大きな手が服の隙間から脇腹を撫でていく。擽ったさに身を捩ると、忍び笑いが聞こえる。楽しんでいるのだ。
「っ、……ディオ、」
「は、ナマエ、」
見つめ合ってまた、唇に触れられると思った時だ。扉の向こうから間抜けなノックの音が転がった。テレンスだ。ミルクを頼んだのを忘れていた。
「テレンス、入って」
部屋の主人に代わりに返事をすれば恭しくテレンスが姿を現した。僕たちの様子を見て、少し顔を曇らせたようだったけれど、目を伏せたままそこにいた。
「何の用だ?」
可哀想に。ディオに睨まれて縮み上がっている。ディオの下から這い出てテレンスに近付き、銀盆に乗せられたマグカップを手に取る。
「僕が頼んだ。ディオとホットミルクが飲みたくて」
マグカップは熱過ぎず冷た過ぎず丁度良い温度だった。「ありがとう」と微笑んでやれば、一礼された。目は合わなかったけれどその表情は暗い。分かりやすい奴だ。視線で彼を下がらせる。テレンスは不服そうな顔を隠して部屋から退出した。また、僕たち二人きりになる。
「あの時と同じ、蜂蜜入りだよ」
マグカップを手渡すが、ディオはそれをすぐにサイドテーブルに置いてしまった。僕はカップに口を付けた。滑らかな甘さが口に広がる。

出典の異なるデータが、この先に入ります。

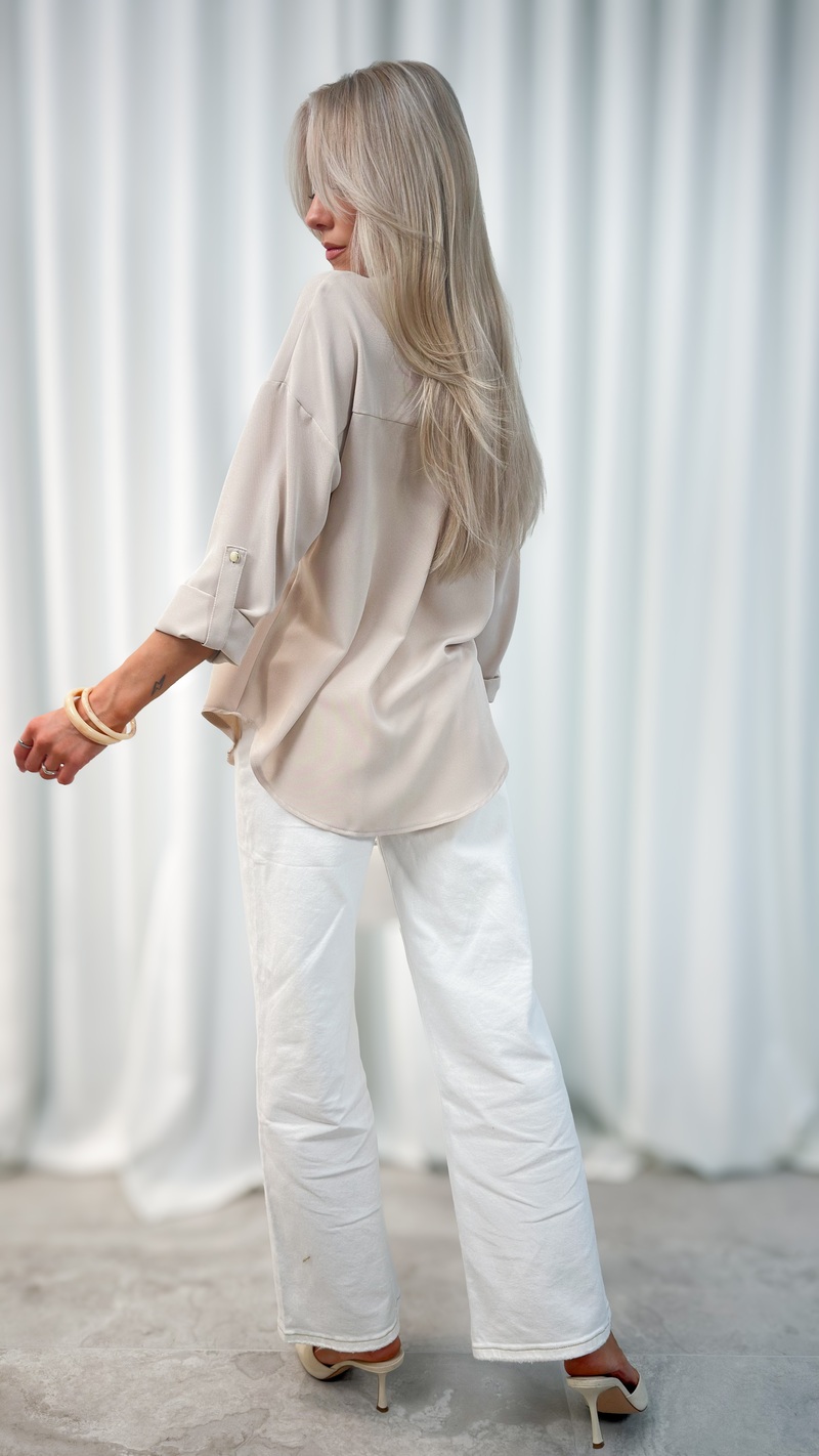 Stylowa i ponadczasowa koszula damska w kolorze ecru, która łączy elegancję z wygodą noszenia. Wykonana z lekkiego, przyjemnego w dotyku materiału, doskonale układa się na sylwetce i zapewnia komfort przez cały dzień.

「あの時は、蜂蜜があまりに甘かったから僕たちは顔を顰めたね」
「……ナマエ」
「たかが蜂蜜入りのホットミルク、それだけなのに。僕らはそんな物も飲み慣れてなかった」
ディオの顰め面を覚えている。僕も自分の顔が歪んだのを覚えていた。甘い物を口にする事に慣れていなさすぎて、頬が抓られたように痛んだのだ。
「ああ、覚えている。俺とお前で、誓った。こんな惨めな生活からは必ず抜け出すと」
「ジョースター家では二人でホットミルクを飲んだ事は無かったね。僕はジョナサンとココアを飲んだけど」
「……ほう?それは知らなかったな」
ディオの顔が嗜虐的に歪む。まだ、ジョナサンに対するライバル意識のような物が残っているらしい。ディオは僕とジョナサンが仲良くするのを嫌がった。ディオがジョナサンに辛く当たる分、僕はジョナサンに努めて優しく当たった。それが役割分担だと思ったからだ。でも僕がジョナサンに優しく当たれば当たる程、ディオはジョナサンに辛く当たったから逆効果だったかも知れない。
「一度だけだよ。夜眠れなくて邸を散歩していたらジョナサンと鉢合わせして、一緒にココアを飲んだんだ。ココアは僕には甘過ぎて、全部飲むのは大変だったっけ」
ココアで汚れたジョナサンの口端を指先で拭ってやったのを覚えている。あの時何を話したのか、よく思い出せない。ディオの話だったような気がするんだけど。
「初めてジョジョと会った時の奴の顔を覚えているか?」
不意に掛けられた言葉に首を振る。マグカップをサイドテーブルに置いてディオに近付き、もう一度ベッドに潜り込む。ジョナサンと初めて出会った時、僕は体調を崩して発熱していた。だからなのか僕は正直あの日の事をよく覚えていなかった。
「覚えていないや。長い事馬車に揺られて死にそうだったからね」
「そういえばナマエは熱を出していたな。……まあ、良い。あの日、ジョジョはまるでお前に見惚れていた。今でも思い出せる、笑えるくらいに」
「そうだっけ……。よく覚えていないけど、この顔は本当に『愛される』にはよく出来た顔だよ」
ジョナサンは僕に優しかった。僕の兄であるディオが彼に辛く当たったのに、だ。まるで本当の弟のように接してくれた。
「何もかも、今となっては懐かしいだけさ。でもたとえもう一度同じ事があったとしても、僕はディオの手を取って血塗られた道を歩むんだろうね」
「当然だ。俺とナマエは二人で一つ。……『母さんの胎の中で、手違いで分かたれた』、そうだろう?」
かつて、僕を止めようとした人がいた。彼は僕とディオが分かれて生まれてきた事には意味があると言った。テレンスも僕が僕としてある事に意味があると言った。だがディオはそうは言わないだろう。僕もそうは思わない。それなのに、周囲はいとも簡単に、僕らの存在に異なる意味を見出そうとする。
「僕はディオについて行くし、ディオは僕の傍にいる」
「そうだ。それだけが、真実」
指先で頬を撫でられた。ディオの赤い瞳を見つめる。その瞳の色は今も昔も変わらない。その指の温もりは、冷たくなったような気がするけれど。